OK, we have a rough estimate of range. What about tracking? Well, the Vulture is roughly the same size as the broad side of a barn. Look at its signature. Sentries will track it. The Ishtar is a bit tougher to hit, with the HAC 50% MWD signature reduction. Ask EFT for a damage chart of a Vulture shooting an Ishtar. It seems to track well at range, particularly if one or two target painters are involved. The Vulture has a decent medium weapon system and a range bonus is like a tracking bonus because tracking gets better as range increases. Now we compare the damage curves of the two ships by making a bunch of copies in EFT and loading various ammos. For the purpose of comparing the damage, we put both on the same chart, shooting a target painted webbed Ishtar to split the difference. You will notice that the Ishtar does better at the ranges in which the fight will probably occur. The Vulture FC will likely attempt to pull outside of the Ishtar’s range because Vultures have massive range with Spike.
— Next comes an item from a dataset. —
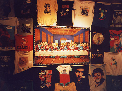 Wall of altered items at LUMP Gallery show. Included are various thrift store shirts and a Last Supper tapestry.
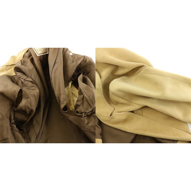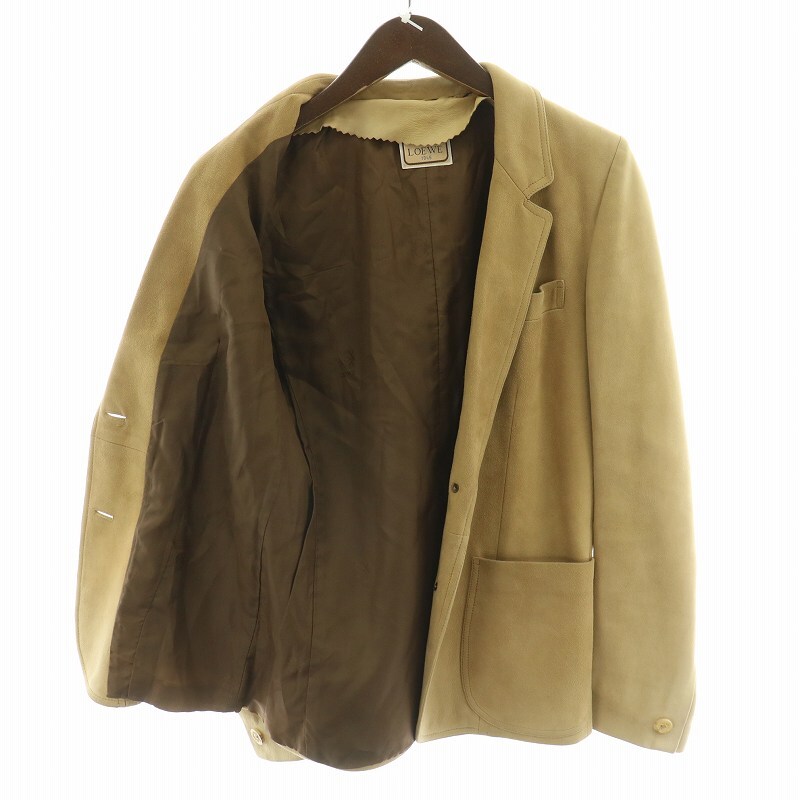 ロエベ LOEWE ヴィンテージ テーラード ジャケット スエード レザー 40 L ベージュ /MW ■GY18 レディース

This will probably force the Ishtars to rewarp when it happens. The only thing you can do at 105+KM to stop someone from rewarping is suicide a dictor, which buys a few seconds.
The next problem is that while the Ishtar does more damage at the relevant ranges, it starts with less hitpoints. How do we calculate the effect of that? Well, you would look at ratios of damage and tank in both cases. You would consider how many enemy ships’ DPS an individual logi can rep through; however, we do not have to consider that here. The answer is surprisingly simple. We have established that the Ishtar will use either Curators with EM damage or Bouncers with explosive damage. We know that the Vulture is limited to firing thermal and kinetic. So we create custom damage profiles. Then, we ask EFT for the EHP each ship has against the other ship’s damage profile. In the case of the Vulture, we can choose between Curators with EM or Bouncers with pure explosive. We choose the one the Vulture does worse against. And there we have it. Not only does the Ishtar do more damage than the Vulture at the relevant ranges, but the Ishtar has more EHP. That is, when the Vulture and the Ishtar shoot each other, the Ishtar appears to have more EHP than the Vulture does. Both Gallente and Caldari T2 ships have bonuses to kinetic and thermal resists. The Ishtar’s ability to shoot other damage types is a defining advantage over the locked-in Vulture. Damage type matters a great deal in practice. Never let the generic EHP value confuse you. Always check specific resistances on a fit.
If the answer was less simple than that, we would also have to talk about the possibility of killing enemy logistics or support ships like Huginns. We might end up talking about the intricacies of EWAR, piloting skill, or fleet warps. Some things just need to be tested. A handful of people can utilize the test server to accomplish this, but larger tests may require going out and fighting someone.
In closing, the result of good EFT work is not some metric or magical number. Successful EFT work feels good when you put it into practice on the field. You crush your enemies, see them driven before you, hear the lamentations on the forum and say to yourself, “This is a good doctrine.”